Convolutional Neural Networks (CNNs) have revolutionized computer vision, particularly in image classification and object detection. Inspired by the human visual system, CNNs have become essential for recognizing patterns and features in images, playing a pivotal role in applications such as autonomous vehicles, medical imaging, and augmented reality. Since the introduction of AlexNet in 2012, CNN architectures have rapidly evolved, achieving state-of-the-art performance in tasks that involve multi-category object detection and classification [10].
While CNNs are powerful due to their hierarchical feature extraction capabilities, there remains a challenge in designing networks that are both efficient and effective for specific tasks. One prominent area of research focuses on recognizing and differentiating specific components within an image—such as objects, shapes, or colors—at various levels of detail [11, 12]. Architectures such as AlexNet [10] and ResNet [14] demonstrated the benefits of deep learning with ReLU activations, max pooling, and skip connections for extracting and processing fine-grained information. Other models like VGGNet [13] and YOLO [15] further improved precision and speed, particularly in tasks that require localization of multiple parts in a single pass.
This research addresses the challenge of balancing efficiency and effectiveness by systematically evaluating different CNN architectures on a dataset of 3D shapes. By experimenting with various layers and architectural modifications, the study aims to clarify trade-offs between model accuracy, computation cost, and generalization—factors crucial for specialized applications like warehouse robotics or medical diagnosis. These insights help guide the design of future networks tailored for efficient 3D object recognition.
KEY TERMINOLOGY.
A CNN typically consists of several types of layers, each playing a critical role in the network’s ability to learn and recognize patterns in images. The key layers are: convolutional layers, which apply filters to detect features in the input image; activation layers (like ReLU), which introduce non-linearity; pooling layers, which reduce spatial dimensions and extract dominant features; fully connected layers, which perform high-level reasoning based on the extracted features; and an output layer, which produces the final prediction or classification. Additionally, CNNs may incorporate normalization layers to stabilize learning, dropout layers to prevent overfitting, and various other specialized layers depending on the specific architecture and task at hand. The following sections will discuss these layers in more detail. A schematic overview of this architecture is shown in Figure 1, which is based on canonical models like AlexNet [10].

Convolutional layers.
Convolutional layers are essential components of CNNs, performing convolution operations on input data using learnable filters (kernels) to detect features like edges, textures, and shapes. These layers learn spatial hierarchies by sliding filters over the input and performing element-wise multiplications followed by summation. The resulting feature maps are combined through multiple layers to form more complex patterns. CNN architectures such as those in Krizhevsky et al.’s AlexNet [10] and subsequent models like ResNet [14] and VGGNet [13] rely heavily on these layers to capture increasingly abstract representations of visual features.

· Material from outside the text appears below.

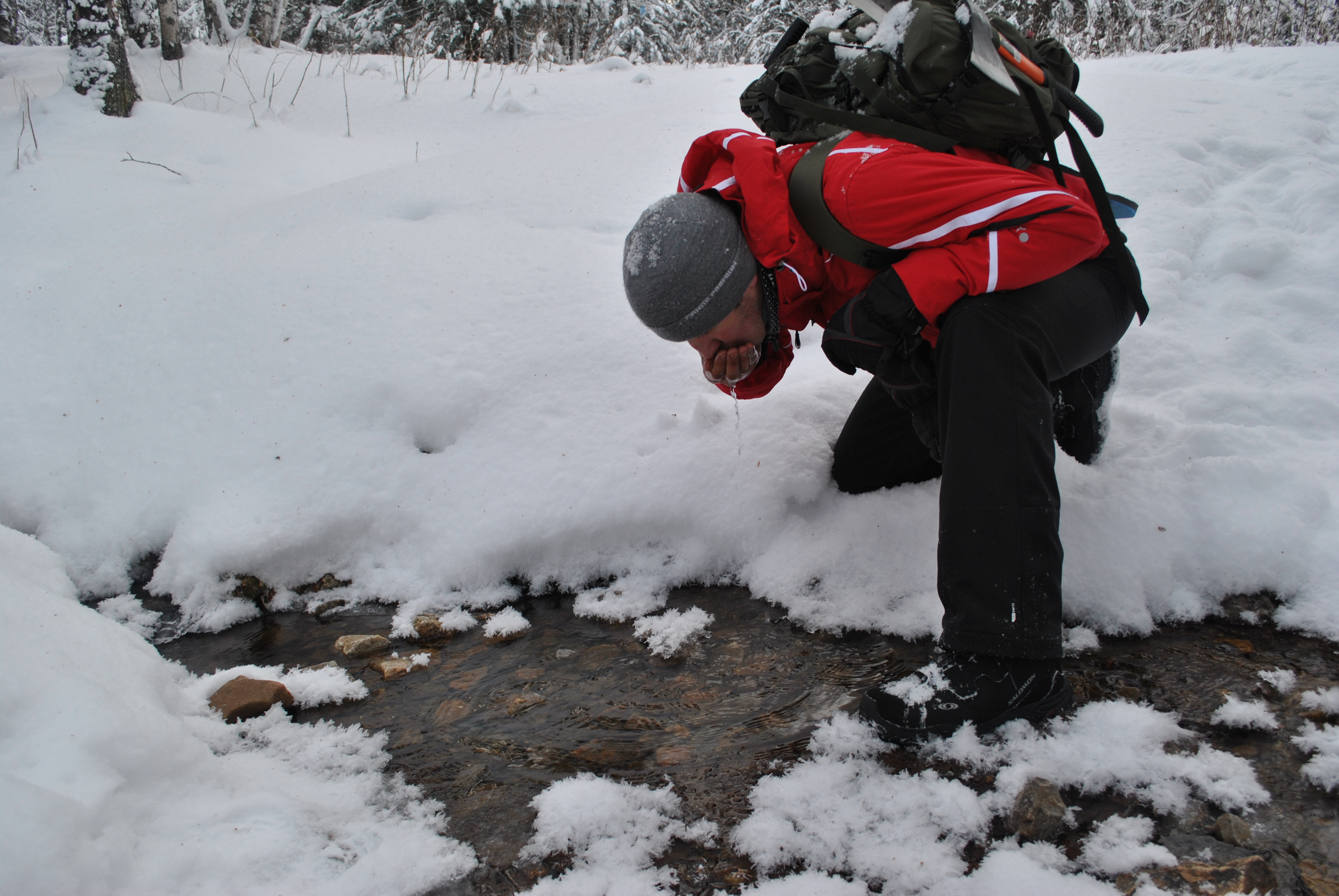 Поход получился в 3 раза сложней январского, т.к. пять дней там не было ни одного человека (как сказал охранник на кордоне), и всё время шёл снег. Тропы замело полностью, шли по целине, и по удлиненному маршруту (вдоль Малого).

Conv2D layers, specifically designed for two-dimensional data like flat images, take a 3D tensor as input (height, width, channels) for RGB images or (height, width, 1) for grayscale images [1]. The kernel in Conv2D is a 2D matrix of weights (e.g., 3×3 or 5×5) applied to each channel [2]. As the 2D kernel moves across the input, it creates a 2D activation map representing detected features.

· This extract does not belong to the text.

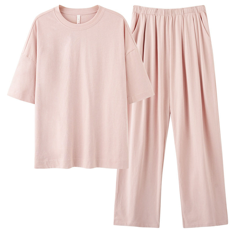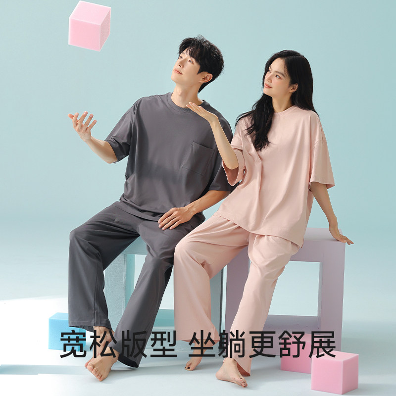 【重磅冰瓷棉】轻运动可外穿春夏季短袖长裤情侣家居服女纯棉睡衣

Mathematically, for an input image I and a kernel K, the 2D convolution operation can be expressed as Eq. 1 where * denotes the convolution operation, and (i, j) represents the position in the output feature map.
\[(I\ast K)(i,j)=\sum_{m}\sum_{n}{I(m,n)K(i-m,j-n)}\tag{1}\]
Conv2D layers reduce parameter count via sharing, enabling spatial invariance where features are detected regardless of position [3]. They support hierarchical feature learning, capturing more abstract features in deeper layers, making them effective for tasks like image classification and object detection [4].
Pooling layers.
Pooling layers, typically placed after convolutional layers, reduce the dimensionality of the data by summarizing the features within regions of the image, which helps in making the model more computationally efficient and less sensitive to small shifts or distortions in the input data. Architectures like VGGNet [13] and various object recognition systems have long utilized max pooling to preserve key spatial information while reducing computation. Although some recent models have experimented with removing pooling layers altogether [12], max pooling remains widely used due to its simplicity and its mimicry of biological vision processes.
Fully connected layers.
Finally, the fully connected layers at the end of the network take the high-level features extracted by the convolutional and pooling layers and use them to make predictions. This could be anything from identifying an object in an image to classifying it into one of several categories. CNNs have proven highly effective in a variety of applications, including image and video recognition, medical image analysis, and even natural language processing tasks. These layers are especially crucial in models like YOLO and Mask R-CNN [15, 16], where the network must output decisions based on a combination of spatial and contextual features.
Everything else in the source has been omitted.